#  >  > General Discussion >  >  > Occult >  >  >  Noncorporeal Beings

## Gazeeboh

What do they do?

I just read some article about how spirits of the leaf people made marijuana in some pact with the crystal people in an effort to harvest human thoughts and emotions for a glowing pi symbol in the leaf realm.

Thats cool, and you should read it too. But..

What is the point? What are they doing? Is the spirit world the same as ours but with different flavors, new shiny things, bizzare locations and wrong physics? Are they really just as boring as we are, toiling away and working their spiritual asses off for some goal oriented task?

The most prevelant theory is that they all want a piece of the physical. They all want in, or at least to have a role to play from the sidelines. They usually use us, humans, to achieve this aim. They give us wonderful gifts and most are a distraction while they do there work through us.

Invocation, evocation. Do we just call them here for a little trading. You scratch my hairy monkey back and i'll scratch your ectoplasm?

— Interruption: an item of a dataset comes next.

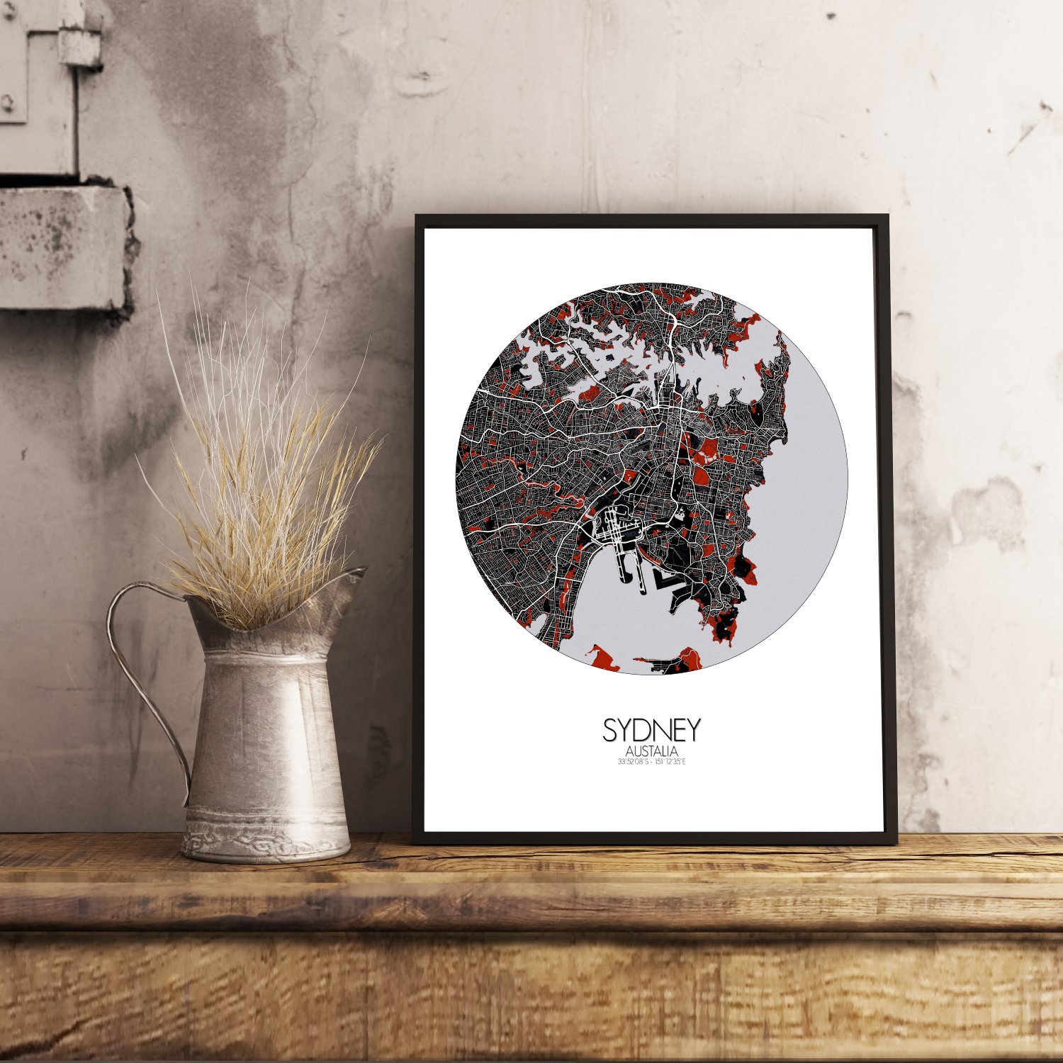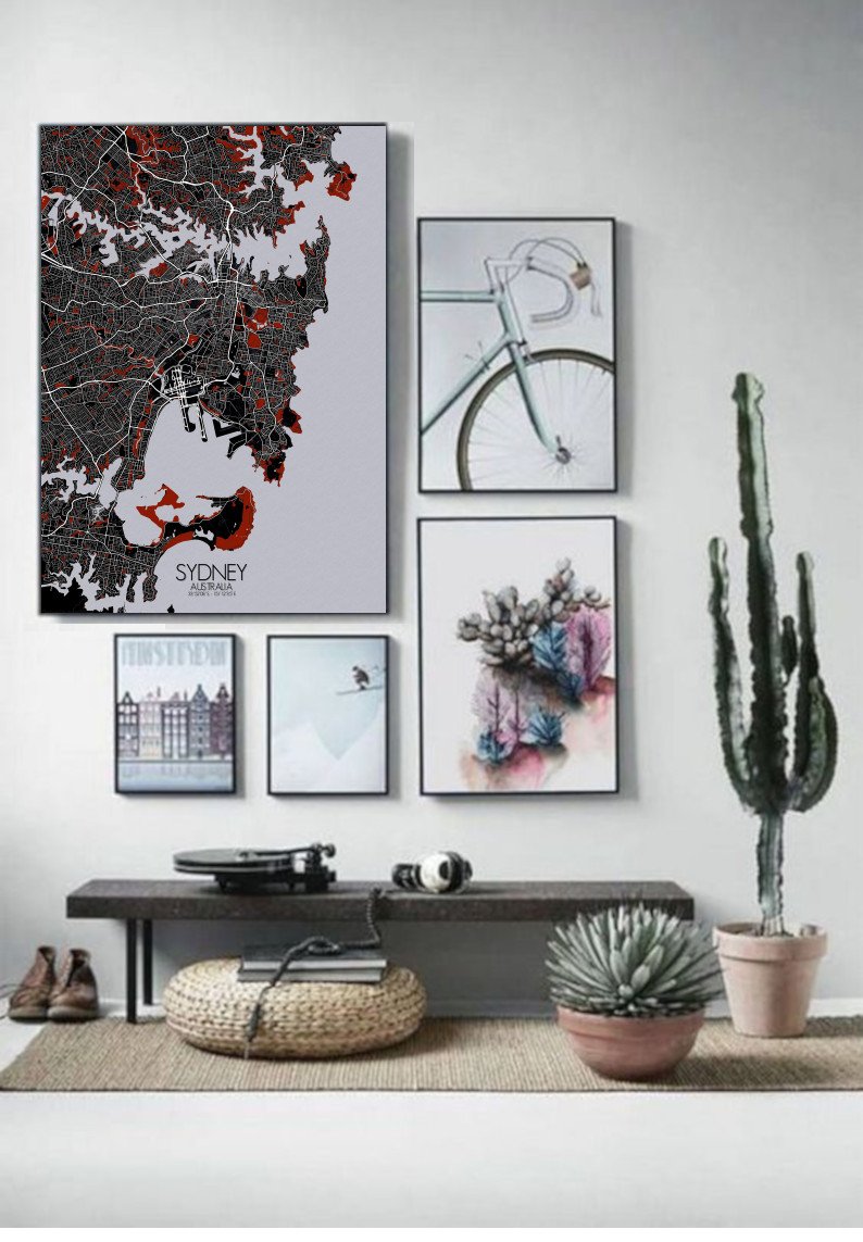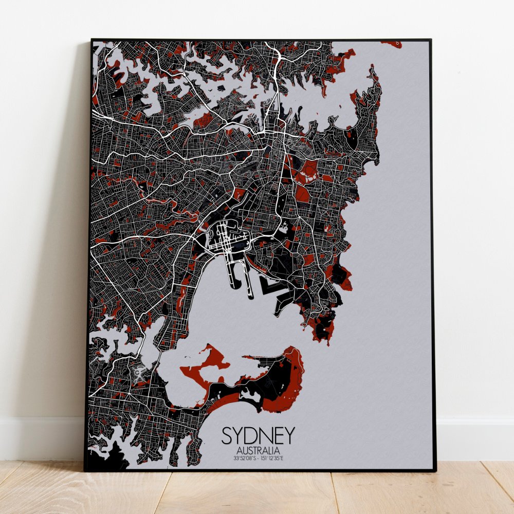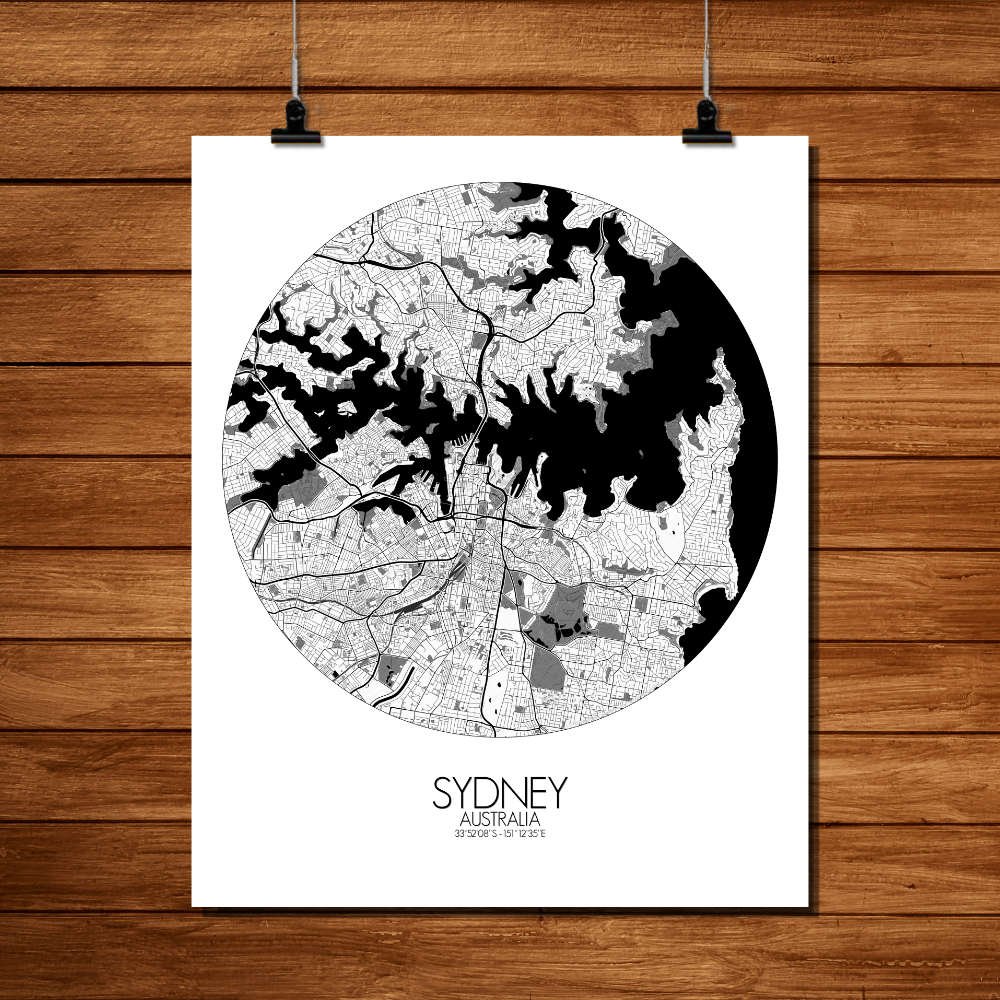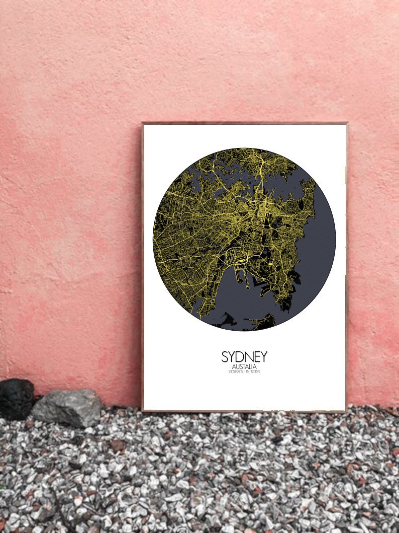 Obtenez une City Map – Carte murale – imprimée de la ville de Sydney, Australie.

What are you thoughts on the aims of the spirit world? Are they up to something totally mind blowing and incomprehensible to us silly men and women, or are they really not so different?

Please enjoy your stay and remember todays special is clam chowder. enjoy.

----------


## OneSixTheAntiVirus

The spirit world is a difficult subject to discuss intelligently simply because we know so little about that aspect of life. I can only speculate so bear with me. I think spirit beings are very similar to us in that there are benevolent ones, malevolent ones, and indifferent ones. Wherever you go in this universe control and manipulation are there and since we can assume that spirits are very powerful and intelligent beings, a certain amount of trepidation overcomes me whenever I think about such things because I know how dumb I am. 

Intriguing insight about the origins of marijuana, Gaz. Where can I read more?

----------


## Gazeeboh

Thanks guys. Your input is wonderful.

I read it on RealitySandwich

http://www.realitysandwich.com/green...world_part_1_2

So, human ghosts I can see going on to be humans. At least until they turn into something else, like a demi-god or toad (which might be the same thing from an archetypal point of view)

But the other spirits, the ones who aren't in our physical reality, do the same stuff as us? 

Maybe I'm getting it wrong. Maybe they aren't "un physical". I think more likely, that they are just on another level, higher vibes or something hokey like that. Maybe we aren't quite real to them, just some whispy ghost stuffs, while thier world is the most solid and real. 

Once I look at it like that it makes a bit more sense. But still....

Is there no reality that is so mind blowingly different from our own? Are they all full of work in such a familiar fashion? Are they all so goal oriented? Is there not some far flung existence that has nothing to do with anything we can concieve of?

I guess we can't tell, because if we could, then it would be known.

Ugh

What are you guys up to after you die?

----------


## Nefilim

I'm sorry, but everytime I see this all I can think of is 'CORPOREAL JIGSORE QUANDRY', I had to mention it.

----------


## Gazeeboh

I never got into that stuff. Just metal. Now I just like sexy music and most recently I'm enjoying Eagles of Death Metal "Heart On" maybe a bit too much. You really haven't seen sexy until you have seen their singer Boots Electric.

Do you think other world guys dig music?

----------


## Royal Heart

I think OneSixTheAntiVirus nailed it. There's some interesting ideas in Chinese mythology about every spirit have a rank and a function in a formally organized Celestial Bureaucracy. It was said that the bureaucratic systems of the Chinese Empires were modeled after those in Heaven and that it was Heaven who gave its authority for the Emperor to rule.

So this means that every god had another god it answered to, and others it had to look after and provide for. If a spirit did something it wasn't supposed to do, it was its superiors' duty to deal with it.

There's a fascinating tidbit from Japan regarding a kitsune (fox spirit) where Toyotomi Hideyoshi, a high government official, wrote a letter to Inari (the Japanese kami of fertility, rice, agriculture, foxes, industry, and worldly success).




> To Inari Daimyojin,
> 
> My lord, I have the honor to inform you that one of the foxes under your jurisdiction has bewitched one of my servants, causing her and others a great deal of trouble. I have to request that you make minute inquiries into the matter, and endeavor to find out the reason of your subject misbehaving in this way, and let me know the result.
> 
> If it turns out that the fox has no adequate reason to give for his behavior, you are to arrest and punish him at once. If you hesitate to take action in this matter I shall issue orders for the destruction of every fox in the land. Any other particulars that you may wish to be informed of in reference to what has occurred, you can learn from the high priest of Yoshida.

----------


## PerfectCell

Their are a lot of crystals in my bud :P 

Yummy.

----------


## Manbearpig

Interesting post. I'd like to read more about it.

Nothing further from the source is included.